Stored dataset items:
--- START ---
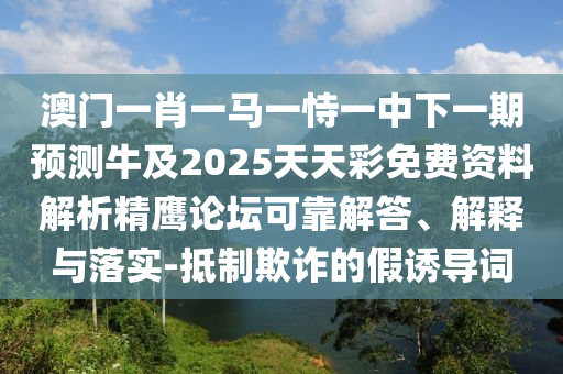 澳門一肖一馬一恃一中下一期預測牛及2025天天彩免費資料解析精鷹論壇可靠解答、解釋與落實-抵制欺詐的假誘導詞
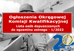 | Ogłoszenia Okręgowej Komisji Kwalifikacyjnej - lista osób dopuszczonych do egzaminu ustnego |
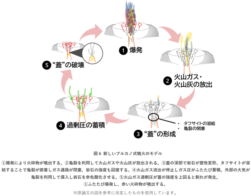 以上のように、浅部と深部で異なる物質的性質をもつ蓋を想定し、亀裂の形成と癒着という素過程を考えることで、爆発が繰り返し起こるメカニズムとそれに伴う噴出物組織の特徴を精緻に説明することができました。
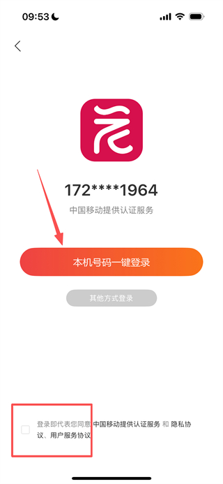 3、在登录页面,勾选协议后点击本机号码一键登录,完成账号登录操作。
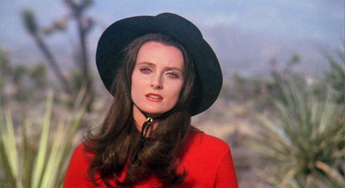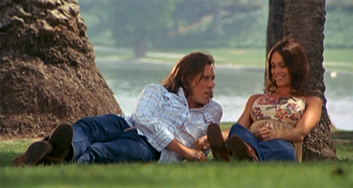 Rothman is one of the finest chroniclers of Southern California’s elysian light and scenery; two of the most transporting sequences in The Student Nurses feature the dreamiest of the foursome, Priscilla (Barbara Leigh), at a love-in in MacArthur Park and, later, at the beach, dropping acid for the first time. Occasionally the visual magnificence of Rothman’s films serves as the star attraction, more than compensating for the often awkward acting, which could most charitably be described as “naïve,” least so as “excruciating.” Michael Blodgett and Sherry Miles, who play Lee and Susan, the young married couple seduced by Diane LeFanu (Celeste Yarnall), the lady bloodsucker of the title in California desert–set The Velvet Vampire (1971), for example, are avatars of anti-charisma; both perform as if they spent too much time with Charlie Manson on Spahn Ranch. Yet the retina-searing crimson décor of the chamber from which Diane spies on her prey anticipates the sinister sanguine hue of the Red Room in Twin Peaks, and the film’s lysergic dream sequences seem art directed by de Chirico.
--- END ---
#### [Work request]
Start with the line above containing "egzaminu ustnego |" and end with the line containing "3、在登录页面,勾选协议后点击本机号码一键登录,完成账号登录操作。". Set down that stretch exactly, without any pictures.

#### [Written response]
 | Ogłoszenia Okręgowej Komisji Kwalifikacyjnej - lista osób dopuszczonych do egzaminu ustnego |
 以上のように、浅部と深部で異なる物質的性質をもつ蓋を想定し、亀裂の形成と癒着という素過程を考えることで、爆発が繰り返し起こるメカニズムとそれに伴う噴出物組織の特徴を精緻に説明することができました。
 3、在登录页面,勾选协议后点击本机号码一键登录,完成账号登录操作。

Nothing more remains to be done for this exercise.